▶ Data provided:
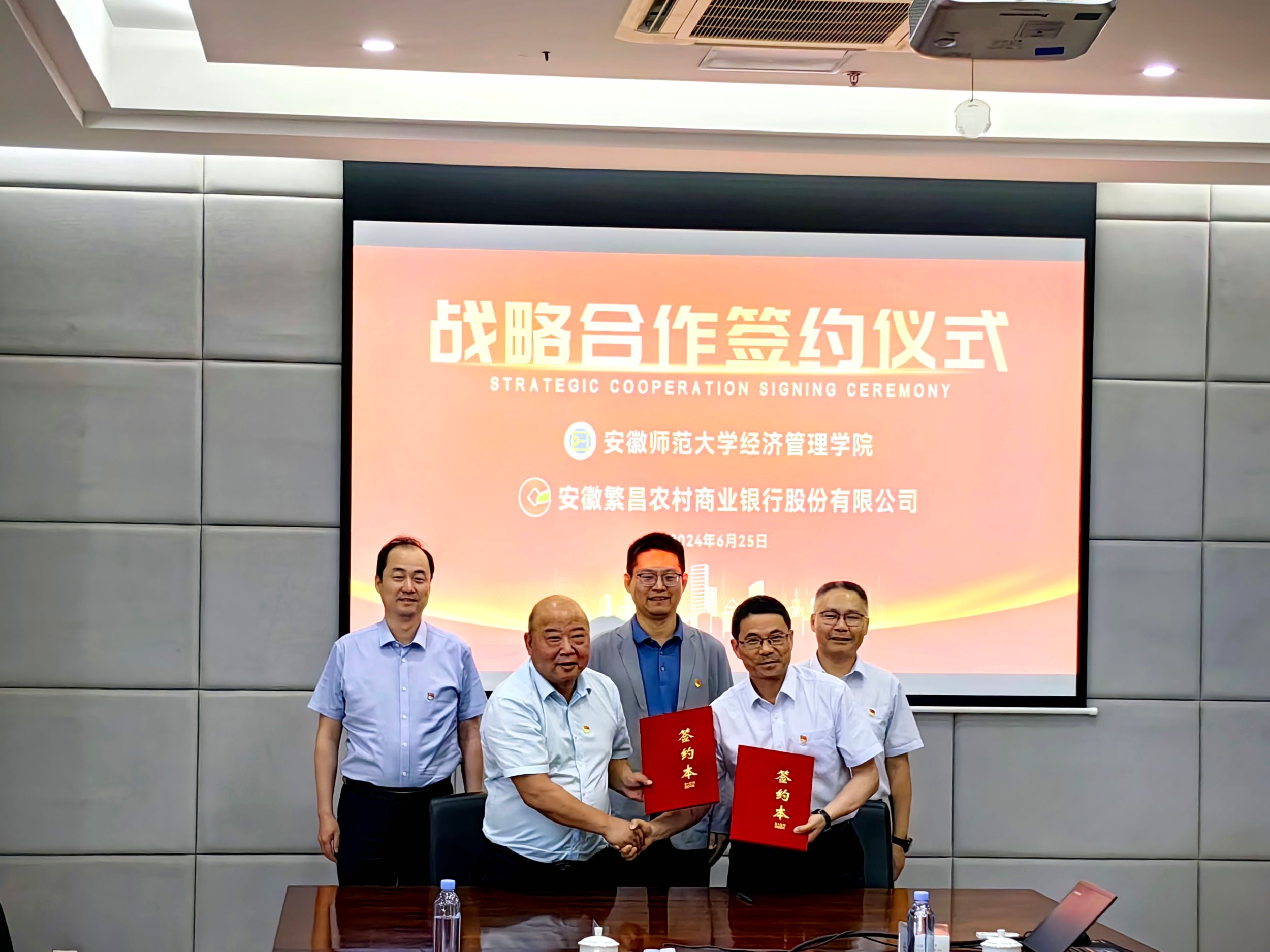 为进一步深化校地合作,推动“党建+业务”融合发展。6月25日下午,m88官网与安徽繁昌农村商业银行举行“党建+业务”战略合作协议签署仪式。中国人民银行芜湖分行党委委员、副行长于飞,安徽繁昌农村商业银行党委书记、董事长戴小波,党委副书记、行长朱学雷,党委委员、纪委书记任慧,公司党委书记乔静,副经理伍旭中,m88官方网站登录地址长三角一体化发展研究院执行经理、会计专硕点负责人汪洋,金融工程系主任陈超等参加签约仪式。
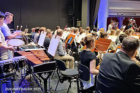Nachdem der Chor und das Orchester getrennt seit einigen Wochen die unterschiedlichen Stücke musikalisch geprobt hatten, wurde es nun ernst. Alle MusikerInnen (Profis und Laien) und die SängerInnen trafen - wie auch in den vorangegangen Jahren im Klubhaus Saalfeld - erstmals aufeinander und die gesamten z. T. extra für die Zukunftsmusik geschriebenen Arrangements erklangen vollständig. In diesem Jahr stehen der Titelsong des letzten Choralbums von 2024 "FALSCH" von KAFFKIEZ, zum wiederholten Mal die Stücke "LITTLE NUMBERS" von BOY und der Song "The Show Must Go On" von QUEEN auf dem Programm.
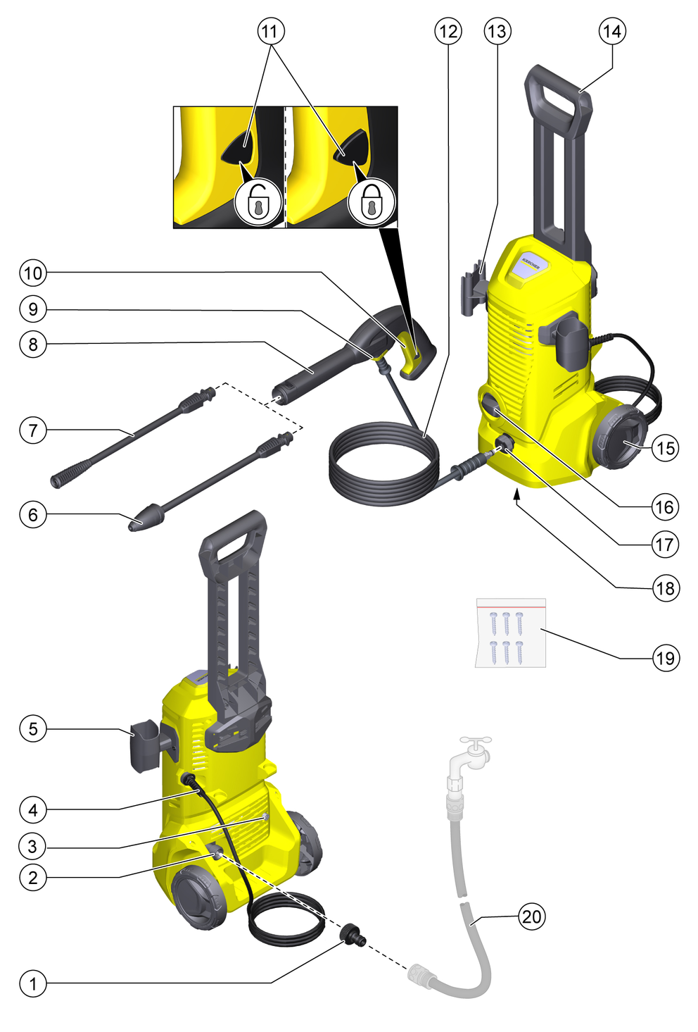 ![]() | Nesměřujte vysokotlaký paprsek na osoby, zvířata, aktivní elektrická zařízení nebo na přístroj samotný. Přístroj chraňte před mrazem. |
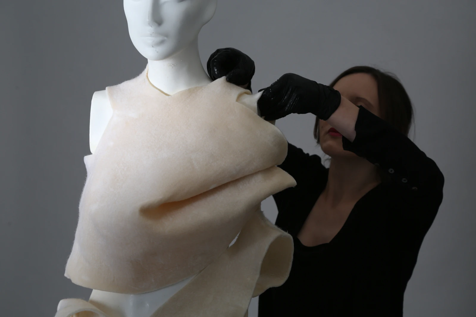 Inciperem or ‘I begin’ used interpretative performance and poetry to represent the processes that bacterial cellulose undergoes in order to form into a biomaterial. The intention of employing these artistic, qualitative methods was to interrogate the development of a biophilic consciousness to development an empathetic relationship towards materials. The waistcoat was made in collaboration with synthetic biologists at Imperial College using laboratory-grown, functionalised bacterial cellulose. Sections were coated in green fluorescent protein originally extracted from the Aequorea jellyfish, to produce a biological form of wearable technology – glowing under ultraviolet light.
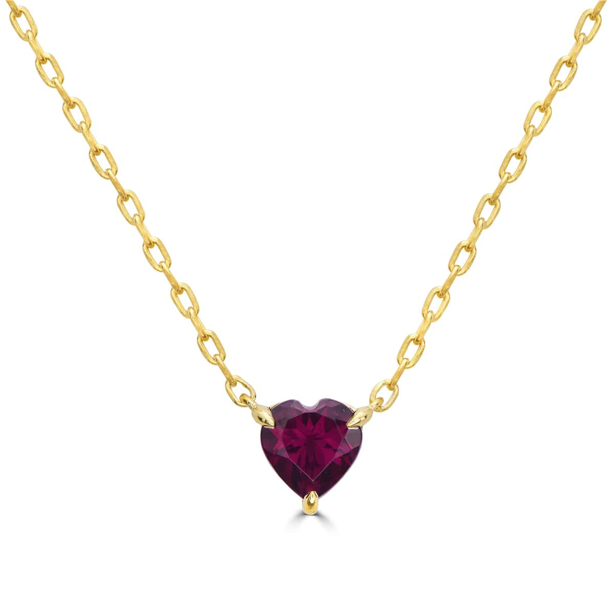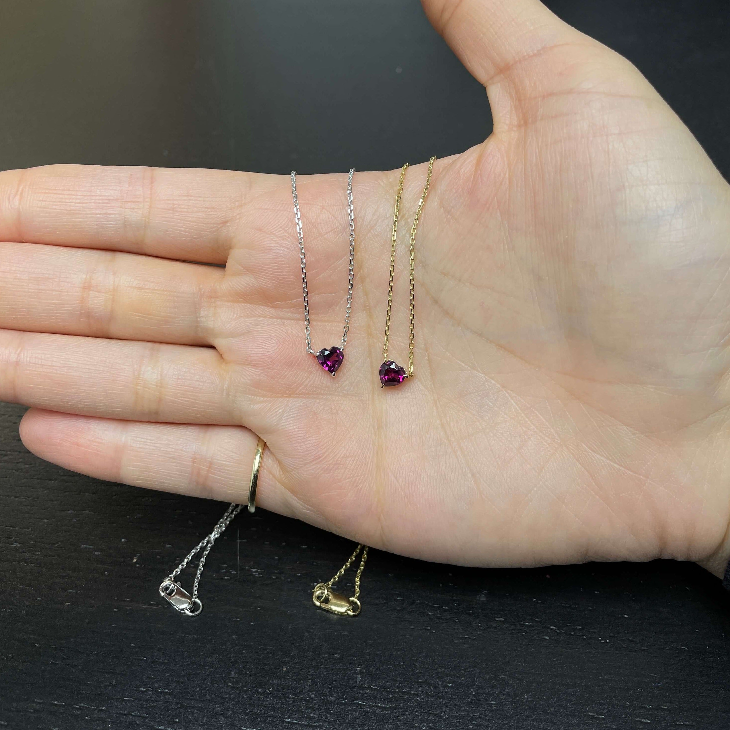 This dazzling Gemstone Heart Solitaire Pendant is the perfect accessory for adding a bit of sparkle and shine to your outfits. This tiny yet dainty pendant can be layered with multiple necklaces to create a unique look, and it’s also great for gifting to that special someone in your life. Let your heart shine with this gemstone trinket! Featuring a Rhodolite Garnet. Part our Love Always.
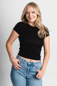 Short sleeve fitted baby tee from Lush Fashion Lounge women's boutique in Oklahoma City.
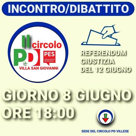 A tal fine il Circolo PD di Villa, in continuità con i suoi laboratori di approfondimento, ha previsto un incontro/dibattito di approfondimento, giorno 8 giugno, ore 18, sede del Circolo, accanto alla Casa Comunale villese.
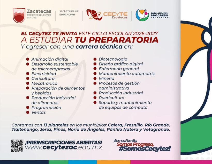 El Colegio de Estudios Científicos y Tecnológicos del Estado de Zacatecas (Cecytez) abrió el periodo de preinscripciones para el Ciclo Escolar 2026-2027; invita a jóvenes que están por egresar de secundaria a formar parte de la preparatoria con mayor presencia y reconocimiento en la entidad.
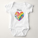 Ce body bébé mignon présente une image colorée d'un cœur arc-en-ciel avec des fleurs, dans un style aquarelle. Cliquez sur 'Personnaliser' pour ajouter le nom de bébé au-dessus de l'image, pour une touche finale individuelle.
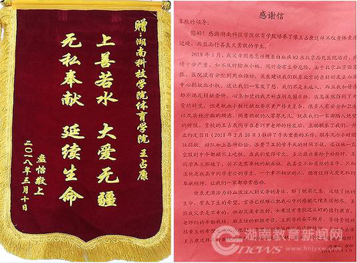 本网讯(通讯员 熊玲芝)日前,一封饱含感激和赞扬的感谢信让春暖花开的校园更添浓浓暖意。万搏平台体育学院体育教育专业2014级王占康同学为病危患者义务捐献血小板,受到患者家属的真诚感谢。
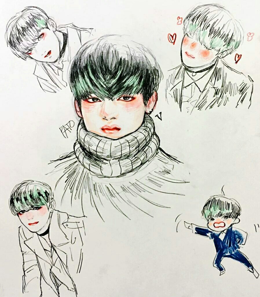 ![BTS карандашом Тэхен]()
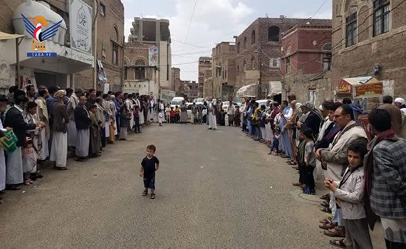 شهدت مختلف مديريات أمانة العاصمة صنعاء وقفات غضب شعبية متعددة اليوم عقب صلاة الجمعة حملت شعار “لبيك يا رسول الله” تنديداً باساءة متحدث الحزب الحاكم الهندي لرسول الله صلى الله عليه وآله وسلم وأزواجه أمهات المؤمنين.
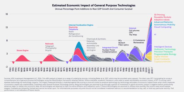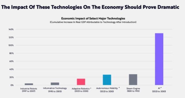 在AI技术突破的推动下,到 2030 年,与颠覆性创新相关的全球股票市场价值可能会从占总市值的16%增加到60%以上。因此,与颠覆性创新相关的年化股票回报率可能会在2030年超过40%。未来七年,其市值将从目前的约19万亿美元增加到2030年的约220 万亿美元。报告称,下图可以看出蒸汽机、铁路与电报等技术、电力与电话、电台等通用技术对经济产生的影响。如今,AI、机器人等颠覆性技术融合对经济的影响将超越此前的通用技术:
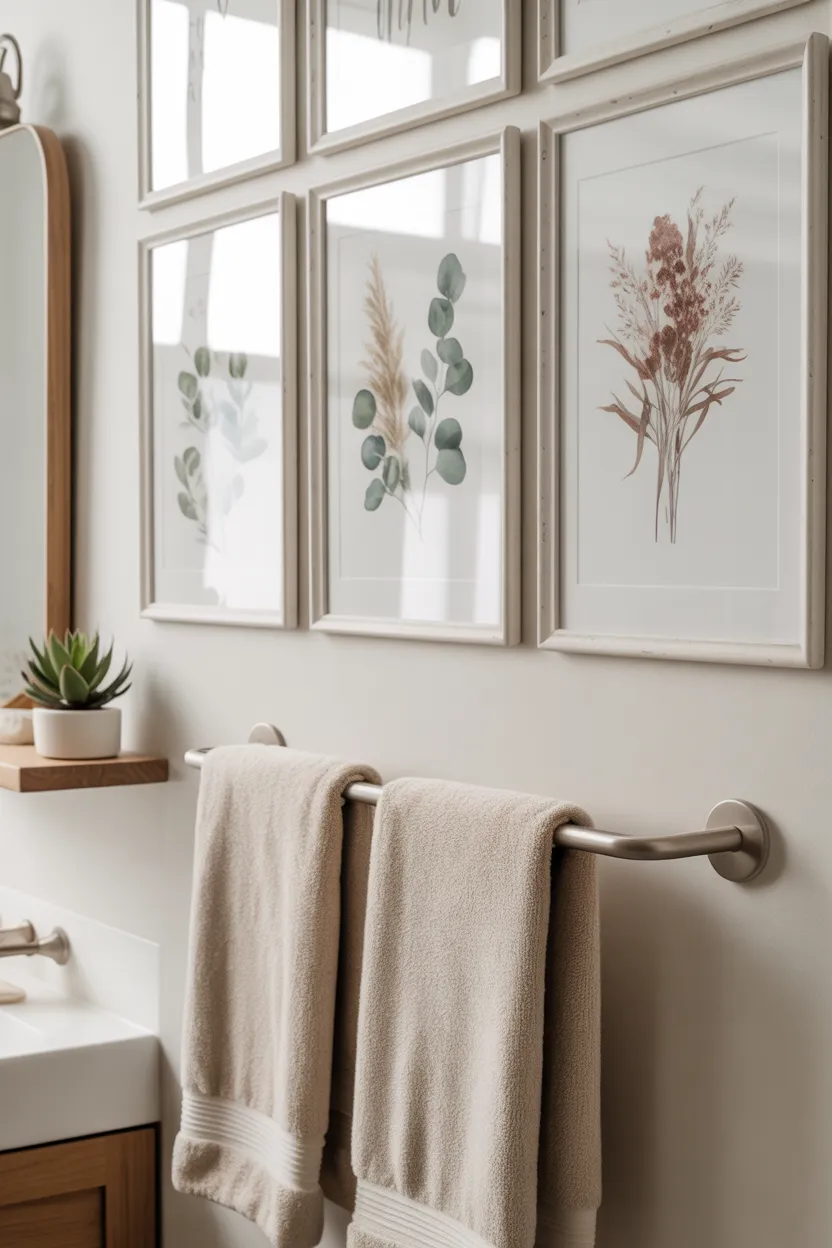 Choose art that supports the mood you want. If the bathroom should feel calm, go for softer imagery or muted tones. Wall art helps finish the room and gives it personality, which makes the whole space feel more complete.

▶ Problem description:
Only the lines that lie between the start of the listing and the line containing "před mrazem. |", both included, belong in the answer; write them out exactly and omit pictures.

▶ Exercise response:
 为进一步深化校地合作,推动“党建+业务”融合发展。6月25日下午,m88官网与安徽繁昌农村商业银行举行“党建+业务”战略合作协议签署仪式。中国人民银行芜湖分行党委委员、副行长于飞,安徽繁昌农村商业银行党委书记、董事长戴小波,党委副书记、行长朱学雷,党委委员、纪委书记任慧,公司党委书记乔静,副经理伍旭中,m88官方网站登录地址长三角一体化发展研究院执行经理、会计专硕点负责人汪洋,金融工程系主任陈超等参加签约仪式。
Nachdem der Chor und das Orchester getrennt seit einigen Wochen die unterschiedlichen Stücke musikalisch geprobt hatten, wurde es nun ernst. Alle MusikerInnen (Profis und Laien) und die SängerInnen trafen - wie auch in den vorangegangen Jahren im Klubhaus Saalfeld - erstmals aufeinander und die gesamten z. T. extra für die Zukunftsmusik geschriebenen Arrangements erklangen vollständig. In diesem Jahr stehen der Titelsong des letzten Choralbums von 2024 "FALSCH" von KAFFKIEZ, zum wiederholten Mal die Stücke "LITTLE NUMBERS" von BOY und der Song "The Show Must Go On" von QUEEN auf dem Programm.
 ![]() | Nesměřujte vysokotlaký paprsek na osoby, zvířata, aktivní elektrická zařízení nebo na přístroj samotný. Přístroj chraňte před mrazem. |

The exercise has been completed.